The advantages of cyano on its own is that it will wick into tighter gaps, providing mechanical strength to the bond plus going in far enough that you are unlikely to break through to the other side. It also scribes very well and can be shaped to fine points, allowing the tips of nosecones, missiles, and wing tips to be recreated. The downside is that it does not do larger gaps on its own, plus once fully cured it can be a devil to sand, meaning you have to careful not to sand the surrounding areas too much. It also cures more slowly and less completely in larger quantities required by wide seams, unless you resort to kicker. That's where the talc comes in, as it makes the sanding process easier, and also helps the cure with larger quantities, at the expense of toughness and the possibility of air bubbles or inconsistent mixes. It also doesn't scribe as well.

 

But fundamentally for me the reason I use it is the curing speed, and I almost always use it with some talc for ease of sanding. There are a series of nice videos on Youtube by quite a few good modelers out there, and one series is by Will Pattison who is a great exponent of 'sprue goo', which as Convair above points out is bits of sprue dissolved in Tamiya extra thin or similar.
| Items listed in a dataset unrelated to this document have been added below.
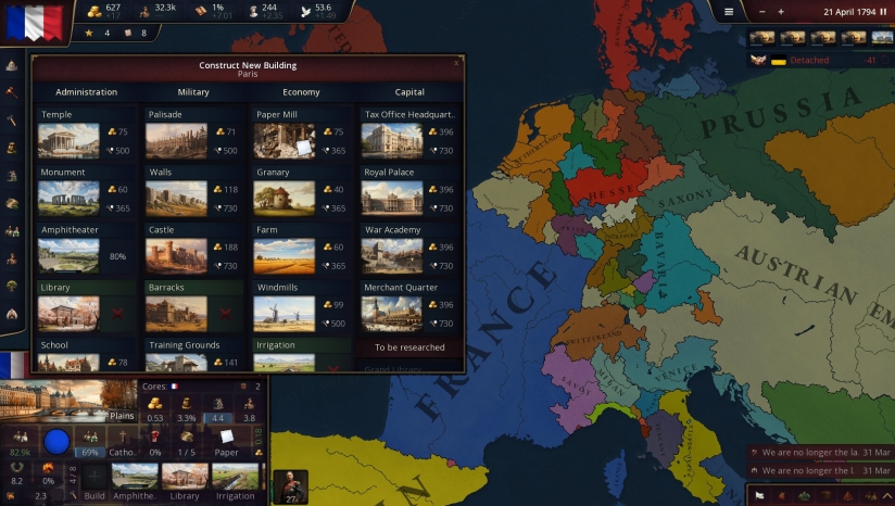 有48种资源,每一种都为最大的生产者提供独特的报酬。有黄金生产和税收制度。玩家要升级产金省份,合理调整税率,建造行政建筑,增强资源采集能力。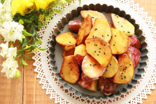 ④揚げたサツマイモを②に入れて絡め、黒ごまをふる。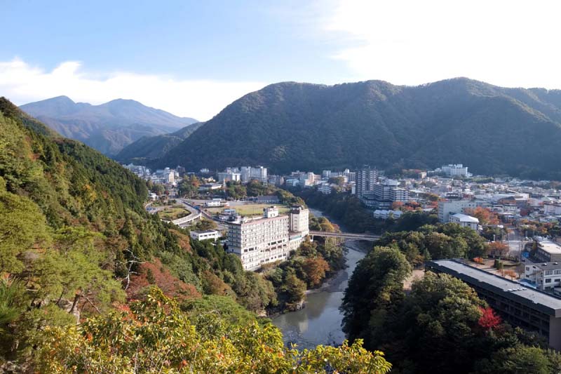 Situata a circa due ore a nord di Tokyo, questa locslità è famosa per le sue sorgenti termali immerse tra paesaggi mozzafiato di valli lussureggianti e gole panoramiche sul fiume Kinugawa.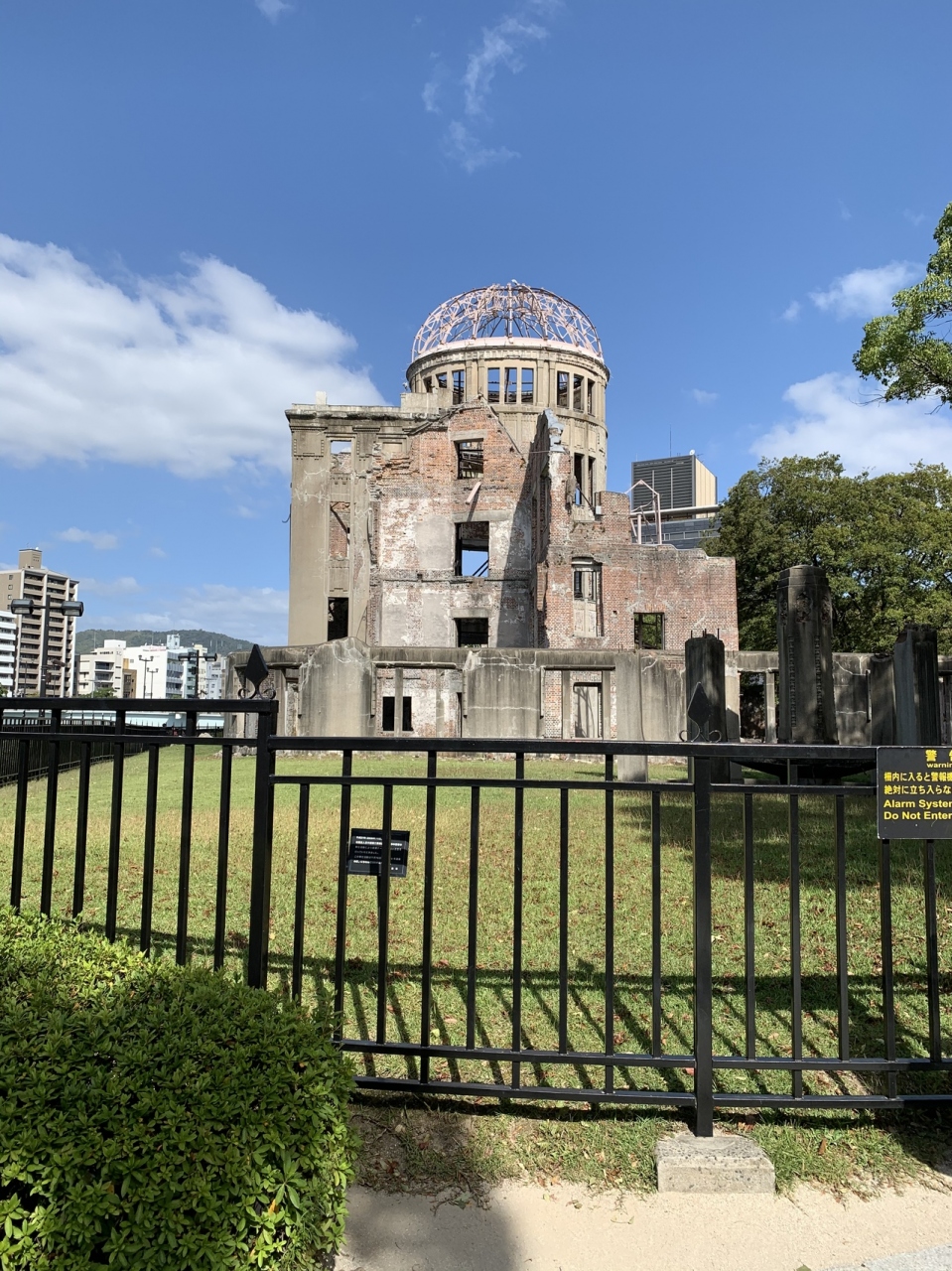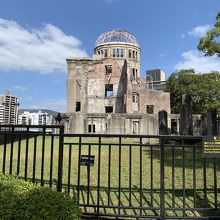 原爆ドームはもともと新商品発表の場として使われていた建物のようで、バウムクーヘン発祥の場所でもあるようです。なので広島のお土産屋さんに行くとバウムクーヘンのお土産が目立ちます。周辺の建物は跡形もない状況だったの対して、原爆ドームは建物の形が特徴的だったため原型を残したそうです。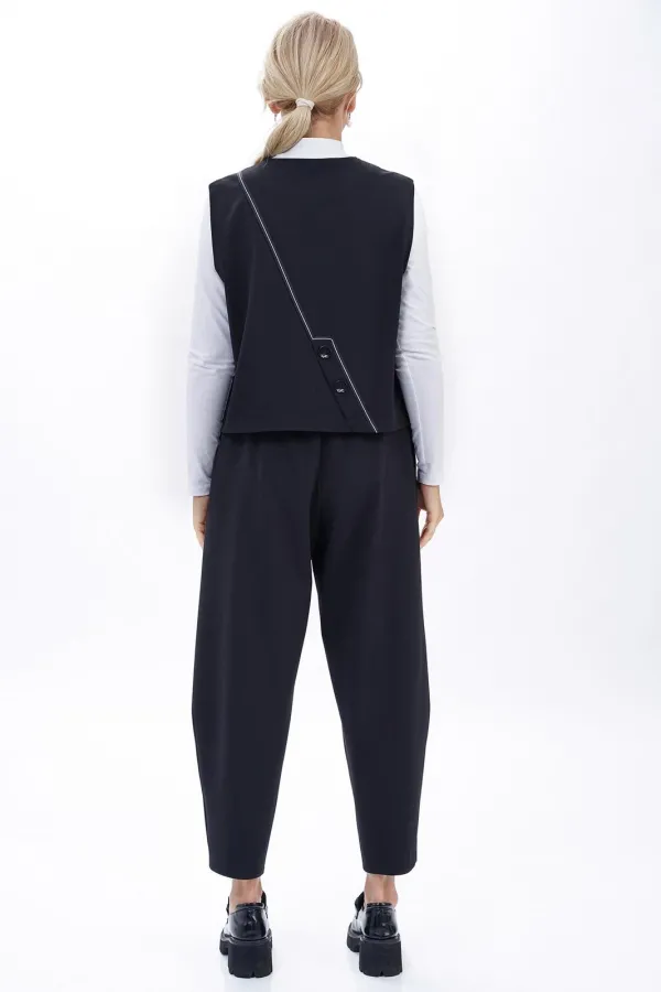 Жилет прямого, свободного силуэта, с застёжкой на петлю, пуговицу, правая часть переда с фигурной линией низа и декорирована нашивкой. Спинка с рельефным швом понизу переходящий в закрытую шлицу с пришивными пуговицами. По левой части переда, по спинки отделочная тесьма.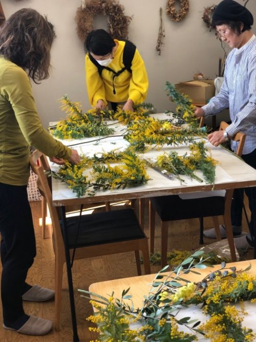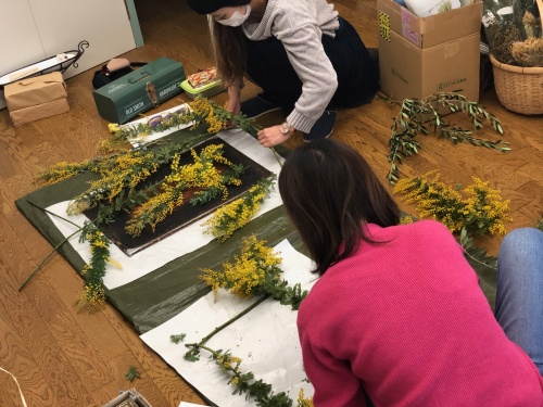 2月のミモザフレームのレッスン、無事土曜日に終了しました。ハックション🤧

His reasoning for his usage of it is that the best material for filling a gap is the base material, and when the seam is properly addressed with it you will have no ghost seams and any sanding and scribing will be lie working on the parent material. It is a valid argument, but one of the common complaints about using sprue goo is the time it takes to properly harden, which is a function of how long it takes the solvent to gas out of the styrene. His view is that it takes too long because people apply too much, which will a ) increase the curing time and b ) increase the chances of shrinkage and ghost seams reappearing. If you use a minimal amount, he says, you can be working on sanding that seam in as little as 8 hours.

 

A good point, but here is my problem. When I get the urge to do modelling, one of the last things I want to do when I am in full flow is suddenly stop and put everything aside for at least eight hours; I want to get on with it hence the cyano / talc, as I can be back working on the seam in minutes without losing the momentum. I can fill, sand, see imperfections, fill, sand, see some remaining imperfections, then fill and sand one last time, all in 20 minutes or so. I would be willing to bet a large amount of cash that I am not alone in that. Now, if I know that I will not be back to a particular model for a week or so, sprue glue makes great sense, as it has the benefits quoted above.

 

So it has me wondering why the modelling companies have not developed a type of cyano that has the advantages of cyano, but without downsides. If it could be made so that it cures to a plastic consistency similar to styrene, that would avoid the use of the talc, make a more homogenous material and would then be easier to sand, more consistent to scribe, adhere well, not shrink, and if available in thin and thick (gel) consistencies could meet the criteria for narrow and wide gap filling. I know that various viscosities of cyano already exist, before anyone points it out - the problem is that they all cure as hard as nails, with the same sanding problem.    

 

So how about it - a 'plasticised' cyano for filling?